Yes, but they may elect to sell them at a sale rather than house them. If you want them added to the collection you’ll need to specify, and then it will depend on several factors whether they will.
[QUOTE=Captain Midnight]
I read once that the Library of Congress has a porn collection. Is this true? I have heard that the Library of Congress has a copy of every book with a copyright, at least from the United States. True?
[/QUOTE]
That’s an interesting story.
There was a LoC librarian/cataloger named Ralph Whittington who had a HUGE collection of vintage pornography- hundreds of films and many of them one of a kind and including some of the world’s oldest surviving reels of hardcore pornography that he’d picked up at auction or through other methods perhaps best not to guess at.

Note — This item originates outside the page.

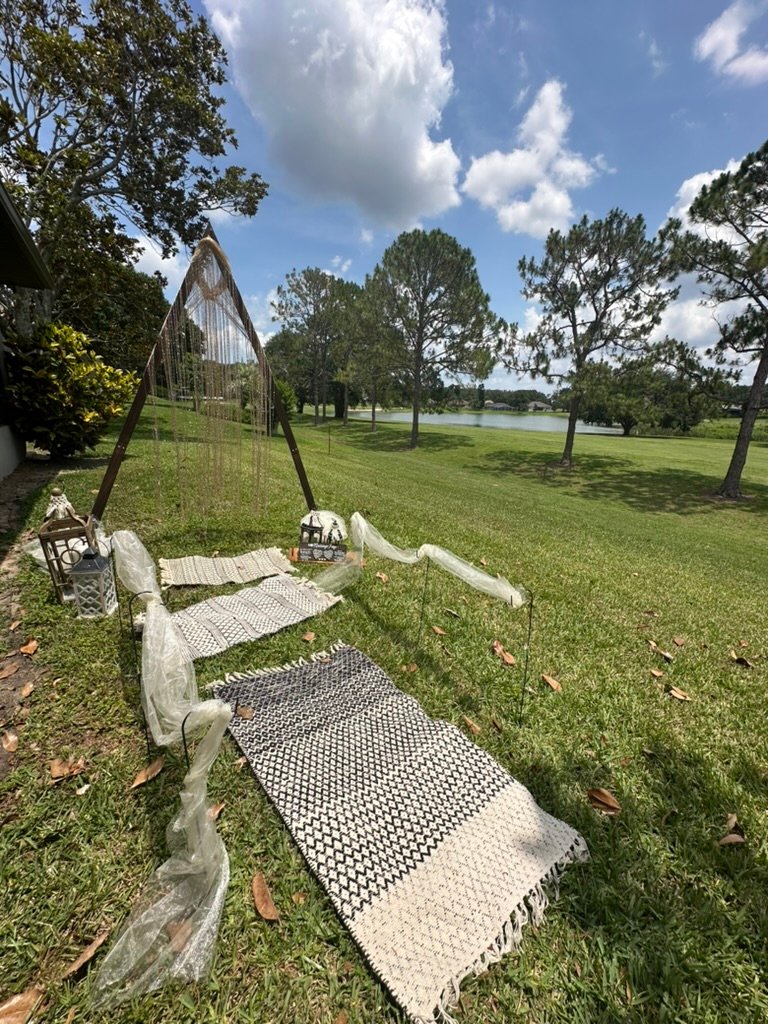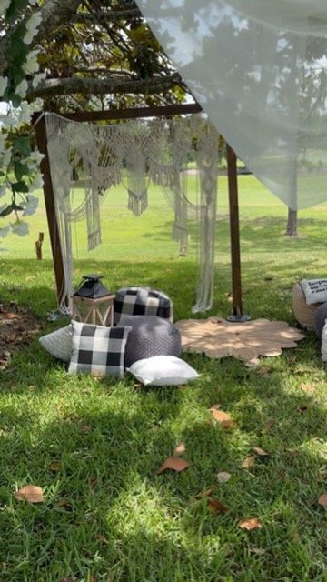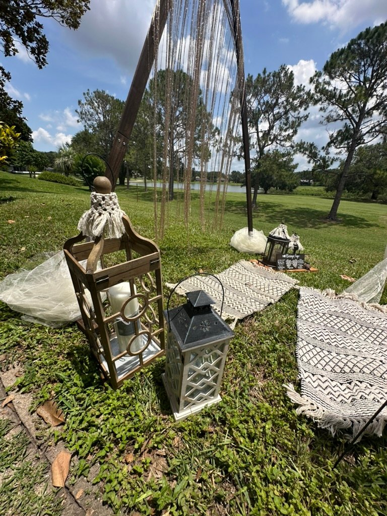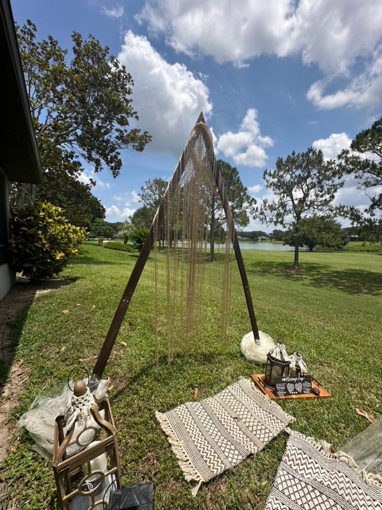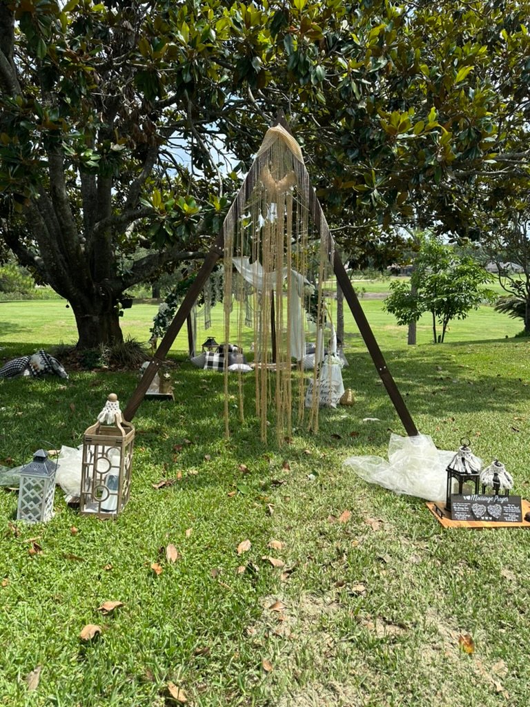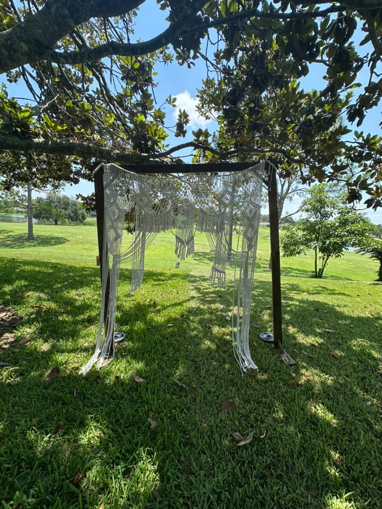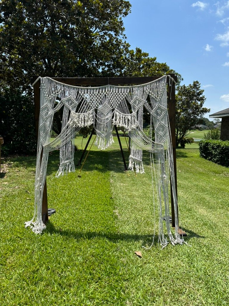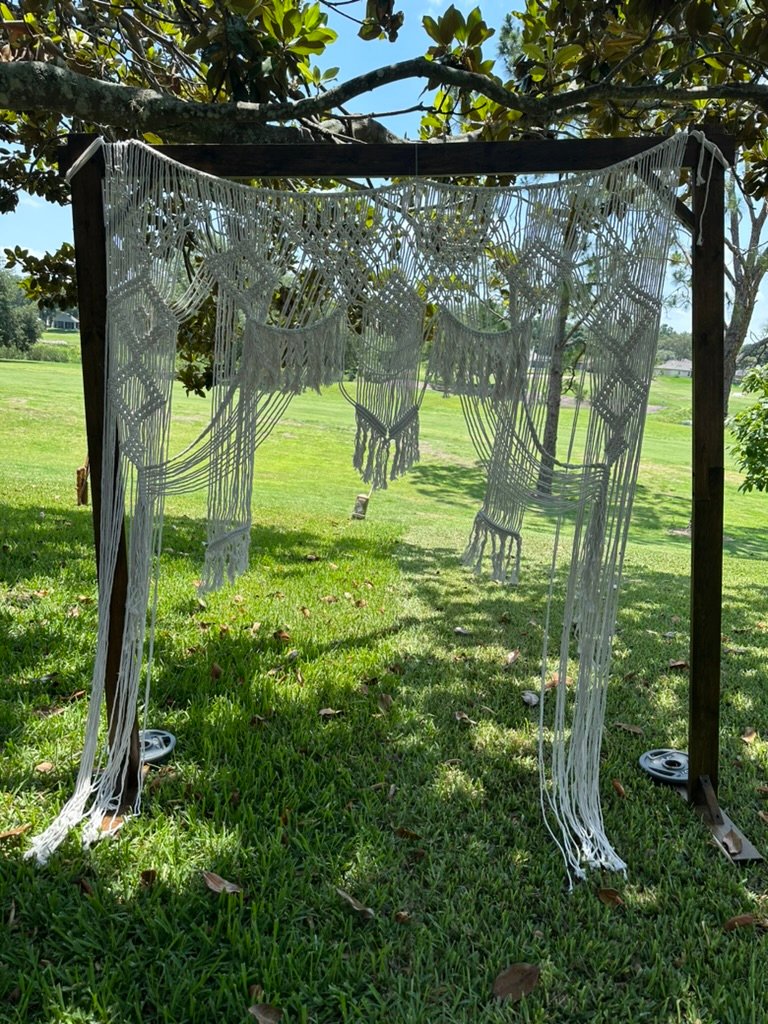 • Macrame Backdrop – Ideal for framing your ceremony space, sweetheart table, or photo booth. This handcrafted piece creates a captivating focal point for your vows and photos.

He had “stag films” (I’m not sure how explicit) from the silent era and the “Full Contact Porn” by anybody’s definition from later on through the 1950s-1960s etc., all of which he had cataloged.
For those not familiar with cataloging, a DVD of AVATAR isn’t that big a deal to catalog- takes a few minutes to copy catalog it from OCLC- but when you’re dealing with a one-of-a-kind privately produced film, whether it’s a home movie or a 1930s B movie it can take days or even weeks to get all of the cataloging done, and this guy had taken the time to do independent cataloging for porn reels that didn’t even have titles or known producers/performers- we’re talking a herculean effort, basically the donation of months and months of labor- to catalog it.
He wanted to donate it to the Library of Congress because, to quote Thomas Jefferson, “there is in fact no subject to which a member of Congress may not have occasion to refer” and because it’s the world’s largest library- where better to house his baby? This bequest, which was almost impossible to put a value on (he could easily have sold it for six figures if not more and much of it was irreplaceable if lost) caused a miniature firestorm: on the one hand here’s this undeniably valuable and unique collection plus the massive cataloging effort that’s gone into it and on the other it’s hard core porn, it’s not like Senator Byrd was ever going to walk in and ask “I’m in a nostalgic mood…whatcha got on 8 mm of a woman looks like Myrna Loy banging some sailors circa 1936?” nor is it likely that anybody conducting research onto pornography for Congress will really need to watch a 1970 Ed Wood sex-in-a-coffin flick for their research. Ultimately they turned it down.
The collection did find a home though: the Museum of Sex (that link is to a homepage that should be safe for work) in NYC was absolutely ass-tickled with a feather duster to get it.
Time article that mentions Whittington and the museum.
1999 Daily Show segment
I think Ralph Whittington’s story (did I mention he lived in his mother’s basement?) would be a great indie movie starring Stephen Root as Ralph (or the character based on him) and perhaps Cloris Leachman as his mother. True, Whittington looks nothing like Root, but I love Stephen Root.